God is sovereign. He does as he pleases. This comforts some people—and terrifies others.
If you have lost a child or a spouse, especially in a sudden or unexpected way, “God scares me to death” might sound familiar. If you have had any close brush with death, this might sound familiar too. You are vulnerable. Images of God as protector are now meaningless. Instead, at any moment, the worst possible event could befall you, and there is nothing you can do to stop it. It might seem that you have already endured his worst and there is nothing of value left to take, but you know there could be other worsts that you cannot even conceive of. God terrifies you.
You are not only terrified of God. You also continue to believe he loves you and is with you by the Spirit. You still believe that nothing will separate you from him. But there is this new place in your heart: God terrifies you. And it has taken up residence. Meanwhile, the people around you do not seem to be particularly terrified of God. If they are, no one is saying so.
For friends. Let’s acknowledge that we are substandard comforters of those who grieve. We might be attentive for the first week after someone we know well has lost a child, but we assume that everyone then moves on. So, today, reach out and say, “my heart still breaks over the loss of your child.” Men, of which I am one, are especially unskilled at this care, both giving it and receiving it.
Say something. Say something.
For you who have endured great loss.
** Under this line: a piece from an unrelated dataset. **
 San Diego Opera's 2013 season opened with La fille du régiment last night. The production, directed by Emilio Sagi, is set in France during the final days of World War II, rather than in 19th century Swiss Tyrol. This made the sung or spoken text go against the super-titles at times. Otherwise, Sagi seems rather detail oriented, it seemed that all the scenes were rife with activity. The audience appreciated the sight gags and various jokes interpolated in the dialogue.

Some words are harder to acknowledge than others. “It still hurts” is easier to say than, “I am undone,” which is easier to say than, “God terrifies me.” The first seems more acceptable, more orthodox, than the last. But others who were identified as righteous have said it before you.
Therefore I am terrified at his presence; when I consider, I am in dread of him. God has made my heart faint; the Almighty has terrified me. (Job 23:15–16)
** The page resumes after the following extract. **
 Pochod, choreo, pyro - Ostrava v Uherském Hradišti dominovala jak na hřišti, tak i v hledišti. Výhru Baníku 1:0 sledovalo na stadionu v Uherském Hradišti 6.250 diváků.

Speak in solidarity with Job. Say these words to the Lord. And, if you have a spouse or anyone who has endured the grief as you have, talk about this together. The greater the suffering, the greater our tendency to turn inward and isolate. With the little faith that you have, speak to the Lord and to that one other person. Hearts can grow hard in isolation, and marriages drift apart after a great loss. Stand in protest of these separations from God and others.
“Why bother?” Here again, I have men especially in view. “What good does talking do?” they say. “It doesn’t change anything. In fact, it just brings up the pain and makes life worse.”
These are hard questions to answer, in part because they are not really questions but are personal commitments to a self-protective, never-be-weak, independent-minded course of life. The psalms show us a different way, and you might feel things you do not want to feel along that way. But it is the best way.
Through it all, you don’t want terror to be a dominating or last word. Instead, the fullness of the triune God has been displayed to us in Jesus Christ. “For in him the whole fullness of deity dwells bodily” (Col 2:9). Keep turning toward him, whether that process is clumsy, awkward, brief, or a bit chilly. Your soul is close to the breaking point already. The one who now strikes fear in your heart is the only one who can assuage your fears and mend a soul in pieces.